> [EXERCISE INSTRUCTIONS]
Only one span of the material below is wanted. Output it exactly, from the line with "The Emb Script" through the line with "维尔茨未能展现出任何锐利度。这位德国国脚14次丢失球权,13次对峙 仅赢下4次(成功率31%)。下半场一次传送球 错误", without any pictures.

> [SUPPLIED DATA]
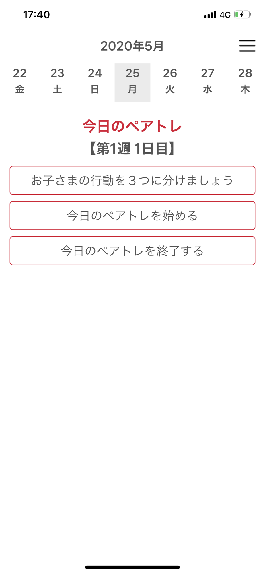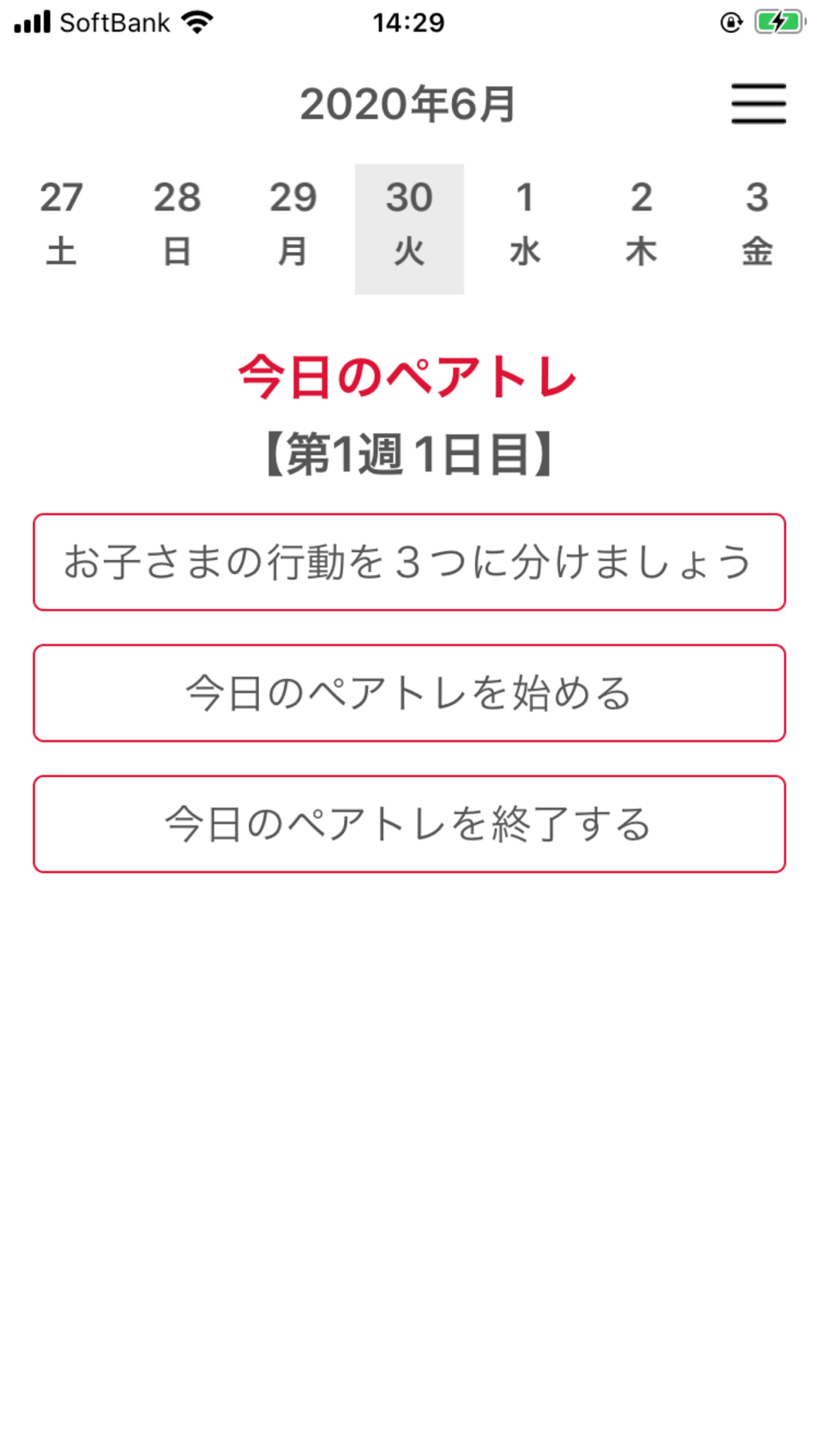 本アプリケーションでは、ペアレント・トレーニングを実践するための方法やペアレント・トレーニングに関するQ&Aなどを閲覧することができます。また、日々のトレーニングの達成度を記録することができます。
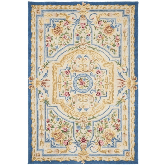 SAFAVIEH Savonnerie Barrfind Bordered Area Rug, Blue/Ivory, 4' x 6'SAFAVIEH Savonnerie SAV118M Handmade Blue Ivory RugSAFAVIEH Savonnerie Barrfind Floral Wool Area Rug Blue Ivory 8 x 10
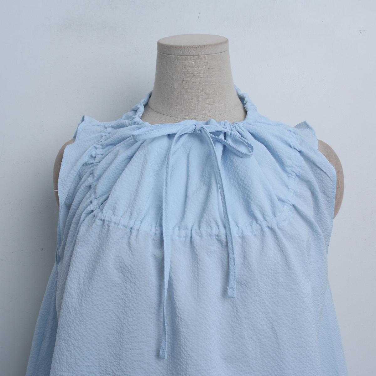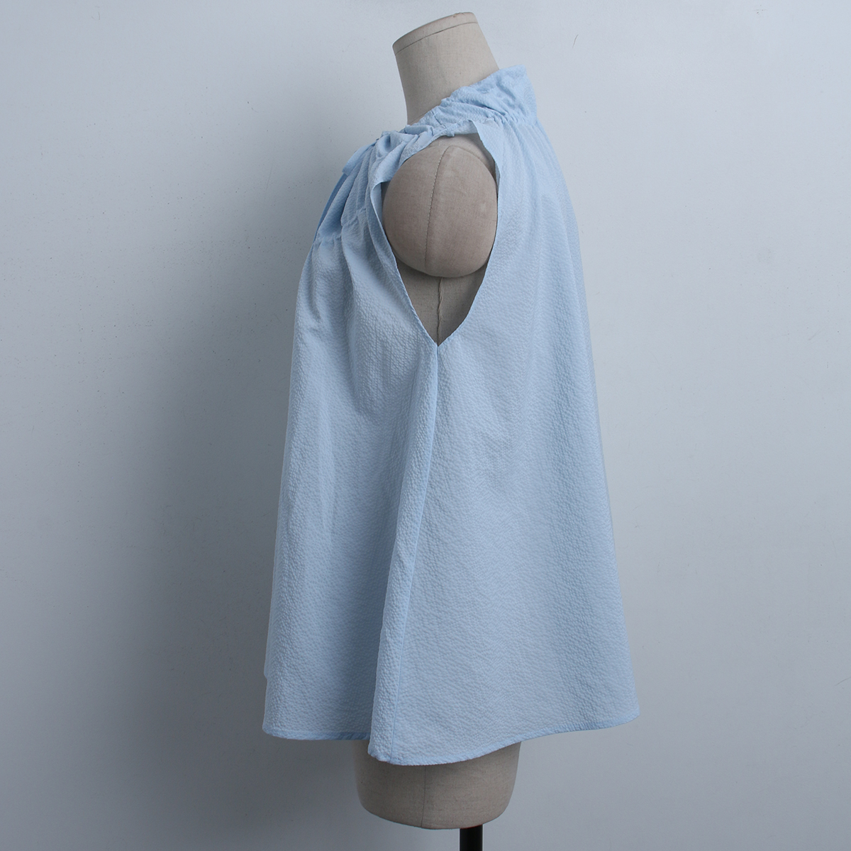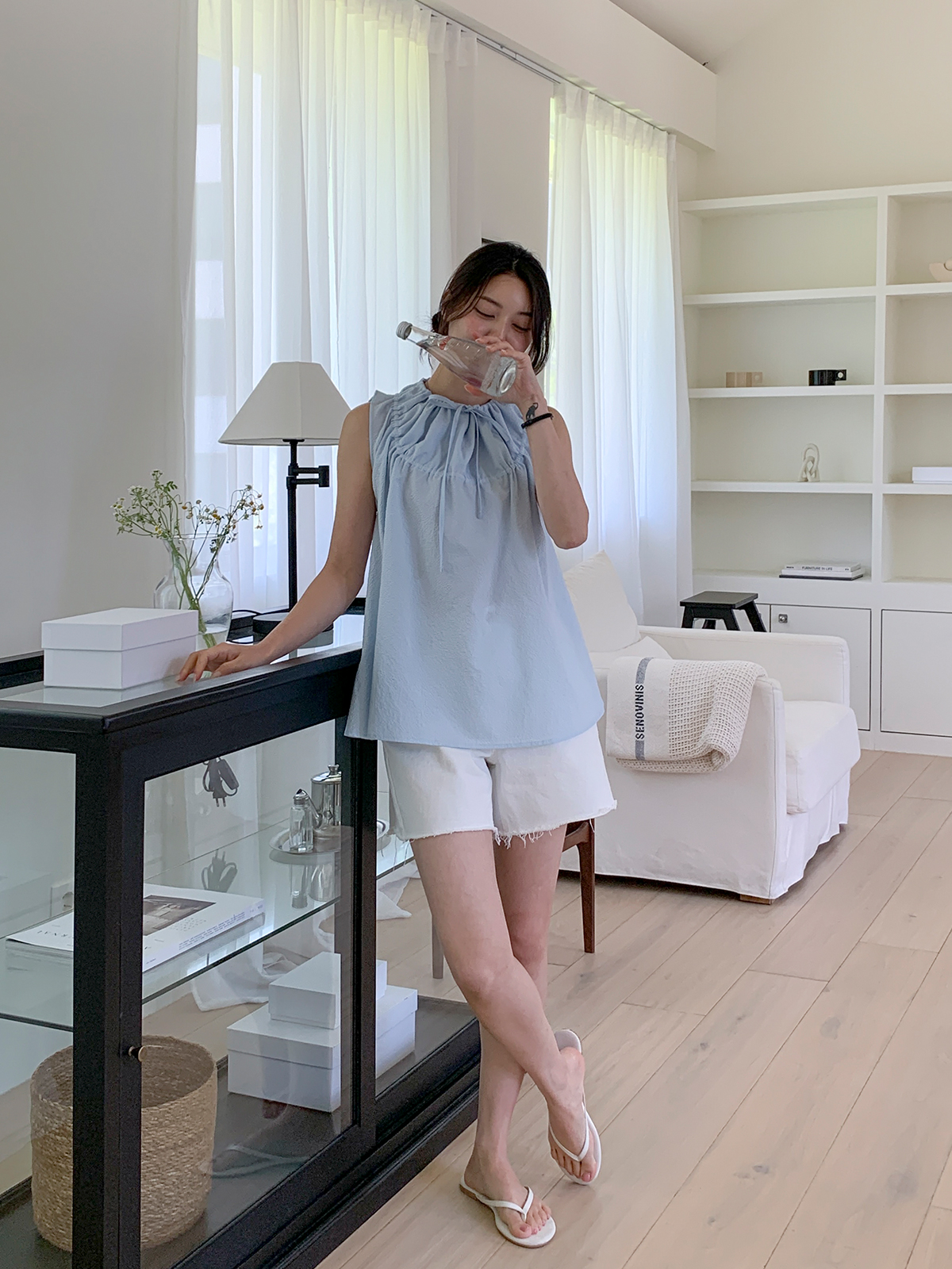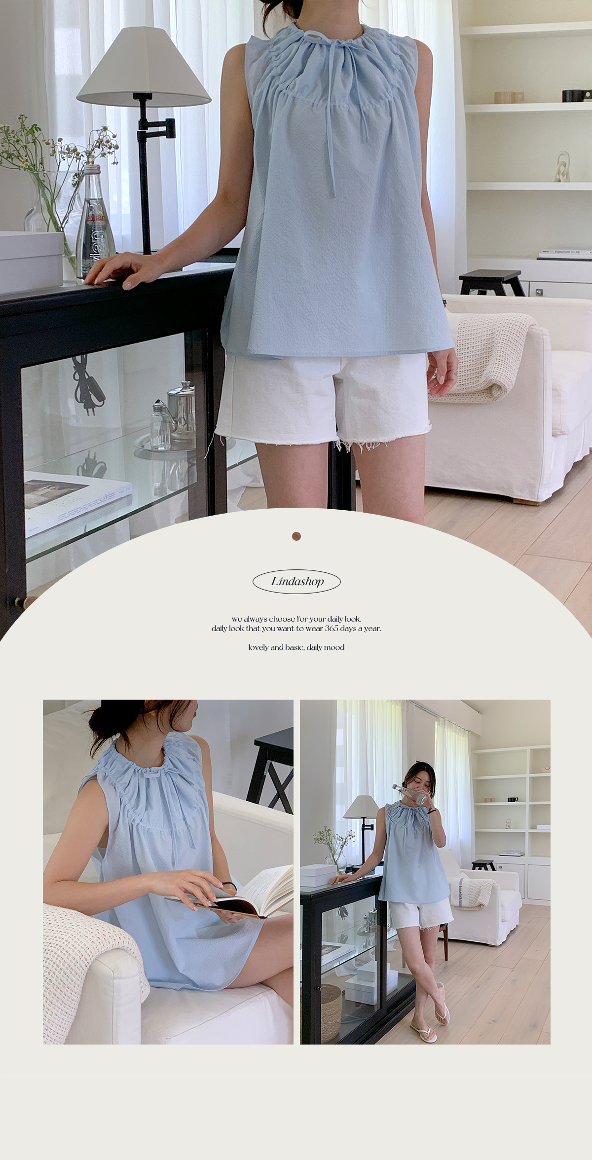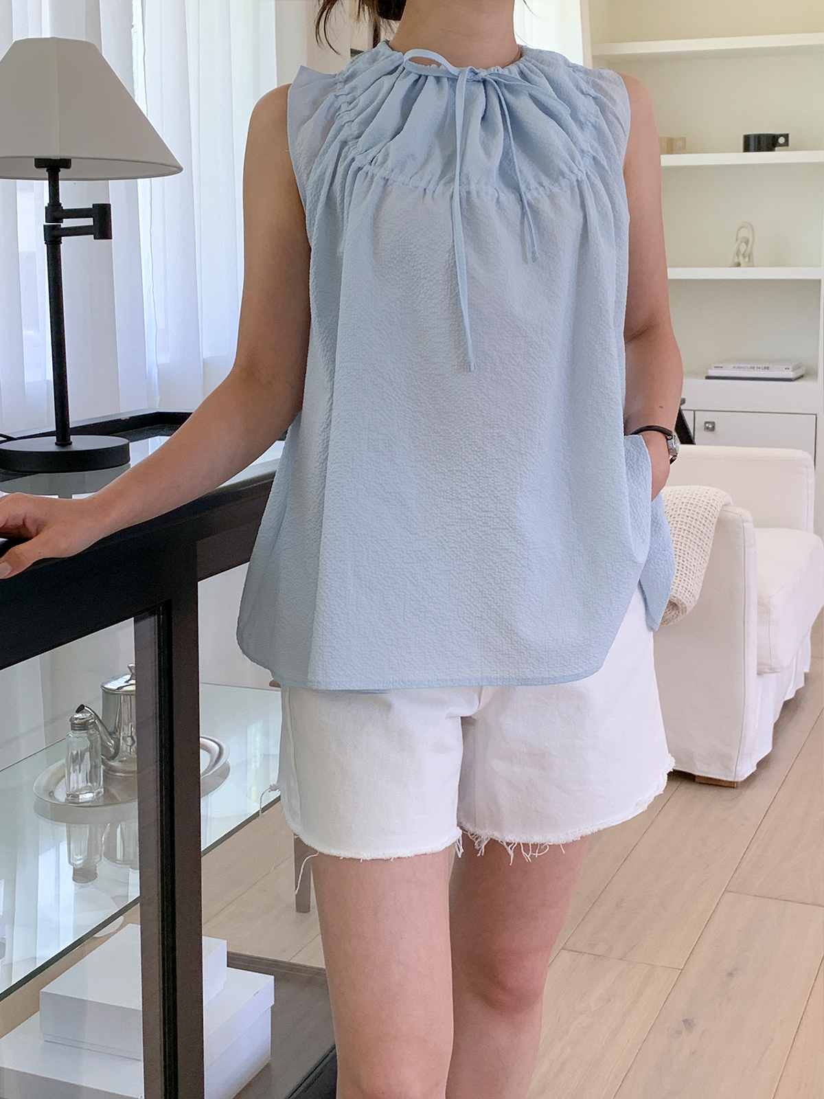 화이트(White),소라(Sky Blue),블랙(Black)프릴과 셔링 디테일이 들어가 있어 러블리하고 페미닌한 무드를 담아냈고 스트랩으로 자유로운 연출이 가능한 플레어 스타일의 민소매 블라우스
--
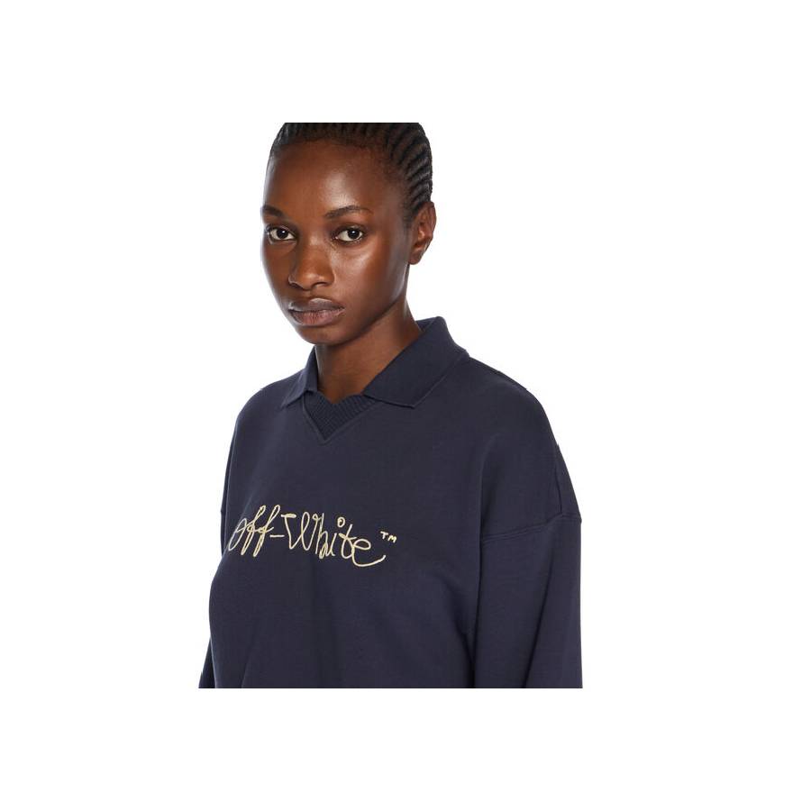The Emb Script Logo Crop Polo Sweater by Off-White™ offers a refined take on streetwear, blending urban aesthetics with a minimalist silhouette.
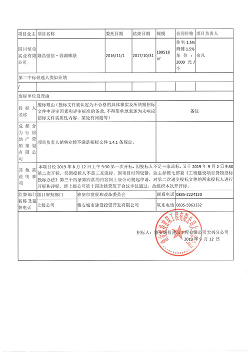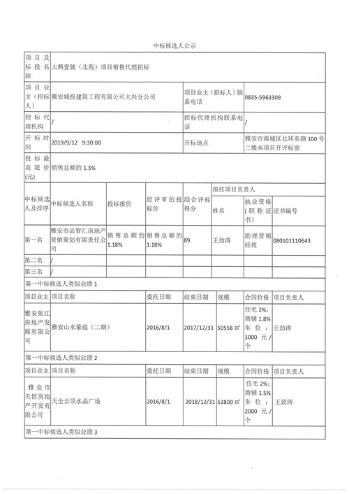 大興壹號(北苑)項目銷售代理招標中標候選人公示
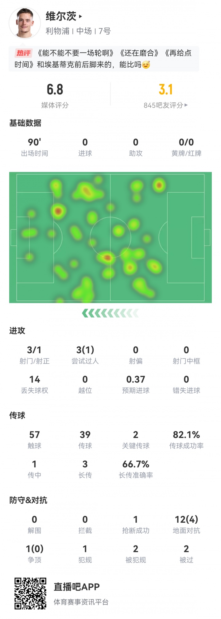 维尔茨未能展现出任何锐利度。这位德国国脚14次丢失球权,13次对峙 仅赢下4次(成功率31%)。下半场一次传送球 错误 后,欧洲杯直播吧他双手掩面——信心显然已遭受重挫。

> [EXPECTED ANSWER]
The Emb Script Logo Crop Polo Sweater by Off-White™ offers a refined take on streetwear, blending urban aesthetics with a minimalist silhouette.
 大興壹號(北苑)項目銷售代理招標中標候選人公示
 维尔茨未能展现出任何锐利度。这位德国国脚14次丢失球权,13次对峙 仅赢下4次(成功率31%)。下半场一次传送球 错误 后,欧洲杯直播吧他双手掩面——信心显然已遭受重挫。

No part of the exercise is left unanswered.